-- Opening Marker --
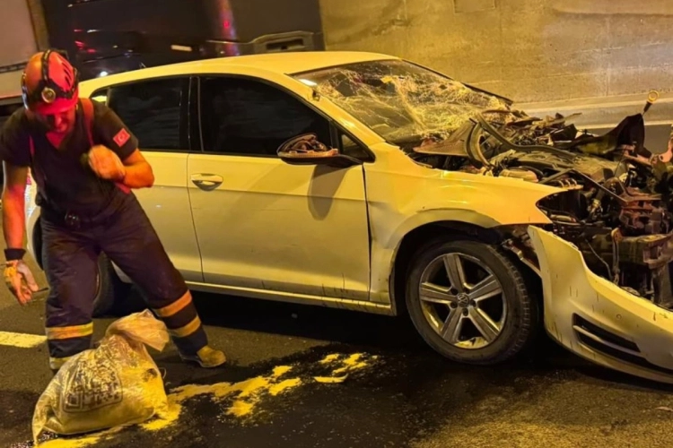 Feci kaza Gebze- İzmir Otoyolu Orhangazi Tüneli içinde meydana geldi. Alınan bilgilere göre Bursa yönüne seyir halinde olan otomobil, önündeki kamyona arkadan çarptı. Çarpmanın etkisi ile savrulan otomobil, hurdaya dönerken yolun bir şeridi trafiğe kapandı. Kazayı görenlerin ihbarı üzerine olay yerine sağlık ekipleri ve Çiftlikköy İtfaiyesi ekipleri sevk edildi. Kaza yerine gelen Çiftlikköy İtfaiyesi ekipleri, araçta sıkışan sürücüyü kurtararak sağlık ekiplerine teslim etti. Otomobil sürücüsü yaralı olarak hastaneye kaldırıldı.
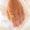 vanntett blomst justerbar ring i forgylt stål - OCEANA
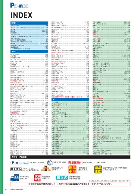 INDEX数字2Wayチリトリ…………………………………………………3383982馬力エアコンプレッサー……………………………………2段台車…………………………………………………………5292輪台車……………………………………………………525・6942連抵抗器…………………………………………………………823Dデコデカール…………………………………………103~1045383M旗付き333運動用介錯ロープ極…………………………3輪ドラムキャリー……………………………………………5353連テールLED用交換部品………………………………………844サイクルディーゼルエンジンオイル………………………4544輪台車……………………………………………525~530/6944連抵抗器左右セット…………………………………………826輪段差台車……………………………………………………5257インチTFTモニター(スタンド別)……………………………27A〜Zプ………………………………………689A4コピー用紙…………………………………………………375AC作業灯………………………………………………………372AC充電アダプター……………………………………………280………………………………………………………Adブルー651ASICSウィンジョブ…………………………………………453ATFオイル………………………………………………………534ATM運搬………………………………………………………CCウォーターゴールドスムーザー327…………………………CCDカメラ120°…………………………………………………29CMOSカメラ……………………………………………………28C型ロッキングプライヤー……………………………………696Cカン………………………………………………………541~542COBラインライトテープ66373COBLED作業灯………………………………………………374COBLED調色ライト…………………………………………COMBOテールラン……………………………………81~82Dリングアンカー………………………………………………153DCDCコンバーター……………………………………………53372DC24Vコンセント変換シガーソケット……………………DPFクリーナーシステム……………………………………344DPINEマルチクリーナー……………………………………343EEアダプター…………………………………………………591EPスペーサー……………………………………………504~505505EPネスティングスペーサー…………………………………215EPパネルあおりガード………………………………………EPロールスペーサー…………………………………………505EPDM高機能スキマテ-プシャッタ-用…………………502ETC利用履歴プリンター用感熱ロール紙………………………44593~594Eクリップ…………………………………………………559Eクリップホルダー……………………………………………Eトラックポール………………………………………………552Eトラックレール…………………………………………558~559Eトラック用ショーリングバー…………………………546~549FX制菌クロス…………………………………………………327F型ロッキングプライヤー……………………………………695G18ギアレンチ………………………………………………394GPS……………………………………………………………40~41H.I.Dバルブ74iマーカー1000………………………………………………113IBCタンク用液取り出しバルブ……………………………280IBCタンク用自重落下ホース…………………………………281…………………………………………36ICカードリーダライタ491ISOホイールバルブ……………………………………………JIS規格適合………………………………566~568/573~587Jフック……………………………………………………593~594LED回転灯……………………………………………………74~75182LED警告灯………………………………………………………LED蛍光灯………………………………………………………376LED作業灯………………………………………………………373LEDストリップライト……………………………………………6565LEDテープ…………………………………………………………LEDドアランプ……………………………………………………65LED投光器………………………………………………………701LEDバー……………………………………………………………65LEDパネルライト…………………………………………………61LEDハンディライト………………………………………372~374LEDビーコンライト………………………………………………68………………………………………………………ププブププ………………………………………………………LEDフラッシュ灯……………………………………………74~75372LEDヘッドベルトライト………………………………………72LEDヘッドライトバル…………………………………………182LED方向指示板…………………………………………………LEDマーカーラン………………………………………95~100LEDライト……………………………………………………
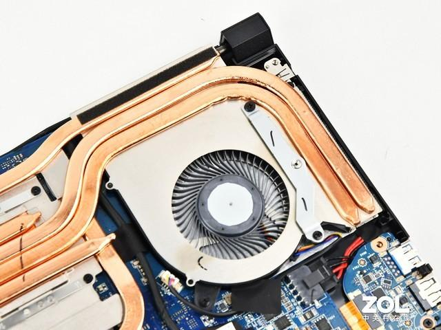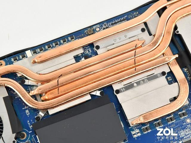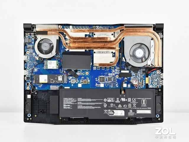拆开后盖可以看到星影15内部的微星酷寒散热系统全貌,它由六根热管+双风扇组成,中间的CPU与GPU共享四根热管,这样就使得两大核心硬件同时能够享受到双风扇导热,整体散热效率自然得到保障。
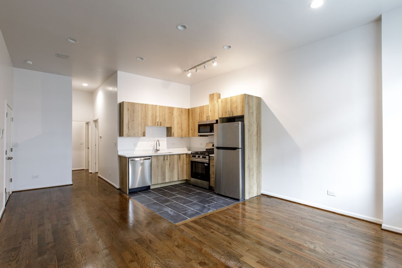 Available April 1st. Brand new renovation in the heart of the Illinois Medical District. This bright and spacious 2-bedroom, 2-bath apartment features a modern open-concept kitchen, dining, and living area, creating a comfortable and functional layout for everyday living and entertaining. Be the first to live in the unit following the complete renovation. The apartment offers hardwood floors, new windows, and abundant natural light throughout. The kitchen is equipped with brand-new stainless steel appliances, including a gas oven, refrigerator, dishwasher, and microwave, along with contemporary finishes and ample cabinet space. Both bedrooms are spacious, with the primary bedroom featuring a walk-through closet that leads to a private ensuite bathroom with exceptional tile work and a full bathtub. The second bathroom also includes a bathtub and updated finishes. Additional highlights include an in-unit washer and dryer with storage in the laundry closet, central heat and air conditioning, and street parking. Conveniently located near grocery stores and the restaurants and shops along Taylor Street, including neighborhood favorite Sweet Maple Cafe. The property also offers convenient access to the Chicago Transit Authority, providing easy commuting throughout the city. Utilities not included in rent.
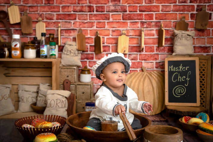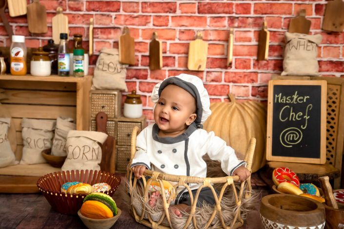 Baby Album – 5 Months Baby Photoshoot Including Portrait, Moon and Chef Themes
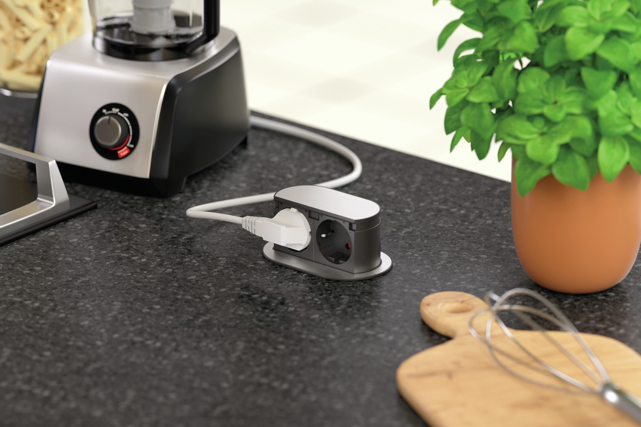 De CON-AKTIV® Piccolino-stopcontact met verzinktechniek is discreet en effectief. Hij is ideaal voor inbouw in werkbladen van keukeneilanden. Het stopcontactelement biedt een comfortabele en veilige aansluiting voor keukenapparatuur die niet constant wordt gebruikt. Met zijn elegante ovale ontwerp past hij harmonieus in veel interieurconcepten. In gesloten toestand vormt het een vlak met het werkblad. Als het nodig is, volstaat een lichte druk op het deksel en het geïntegreerde veermechanisme laat de behuizing omhoog komen. Vervolgens biedt het verzinkbare stopcontact twee Schuko-aansluitingen die naast elkaar zijn geplaatst. Daardoor heeft het dubbele stopcontact slechts een geringe inbouwdiepte van minder dan 48 mm nodig. Dat heeft een positief effect op de benodigde ruimte als er onder het stopcontact laden of uittrekelementen zijn. Bij de inbouw moet ook rekening worden gehouden met de kabeluitgang aan de onderkant. Er is een 200 cm lange netsnoer inclusief schuko-stekker aangesloten. Hierdoor kan het dubbele stopcontact direct van stroom worden voorzien, bijvoorbeeld via een vloerstopcontact. Als materiaal wordt duurzaam en onderhoudsvriendelijk kunststof gebruikt. Er is keuze uit verschillende afdekkingen.
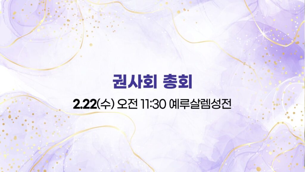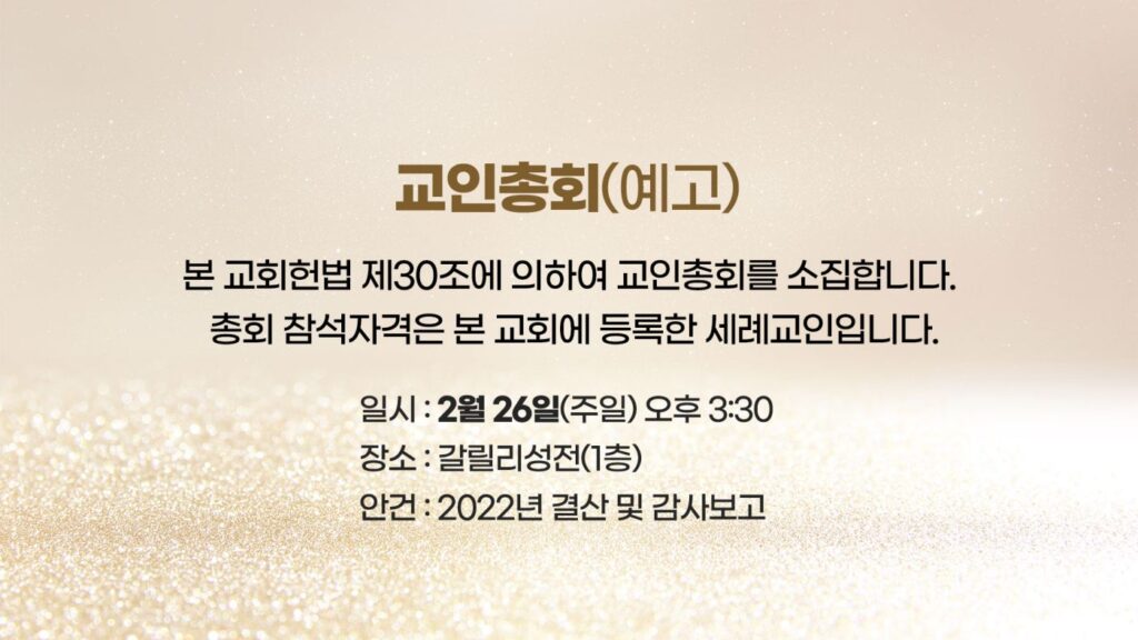 본 교회헌법 제30조에 의하여 교인총회를 소집합니다. 총회 참석자격은 본 교회에 등록한 세례교인입니다. 일시 : 2월 26일(주일) 오후 3:30 장소…
-- Closing Marker --
## EXERCISE AIM
Although pictures appear among the records above, write out exactly only the lines from the one that has "拆开后盖可以看到星影15内部" through the one that has "Baby Album –", and leave the pictures out.

## EXERCISE SOLUTION
拆开后盖可以看到星影15内部的微星酷寒散热系统全貌,它由六根热管+双风扇组成,中间的CPU与GPU共享四根热管,这样就使得两大核心硬件同时能够享受到双风扇导热,整体散热效率自然得到保障。
 Available April 1st. Brand new renovation in the heart of the Illinois Medical District. This bright and spacious 2-bedroom, 2-bath apartment features a modern open-concept kitchen, dining, and living area, creating a comfortable and functional layout for everyday living and entertaining. Be the first to live in the unit following the complete renovation. The apartment offers hardwood floors, new windows, and abundant natural light throughout. The kitchen is equipped with brand-new stainless steel appliances, including a gas oven, refrigerator, dishwasher, and microwave, along with contemporary finishes and ample cabinet space. Both bedrooms are spacious, with the primary bedroom featuring a walk-through closet that leads to a private ensuite bathroom with exceptional tile work and a full bathtub. The second bathroom also includes a bathtub and updated finishes. Additional highlights include an in-unit washer and dryer with storage in the laundry closet, central heat and air conditioning, and street parking. Conveniently located near grocery stores and the restaurants and shops along Taylor Street, including neighborhood favorite Sweet Maple Cafe. The property also offers convenient access to the Chicago Transit Authority, providing easy commuting throughout the city. Utilities not included in rent.
 Baby Album – 5 Months Baby Photoshoot Including Portrait, Moon and Chef Themes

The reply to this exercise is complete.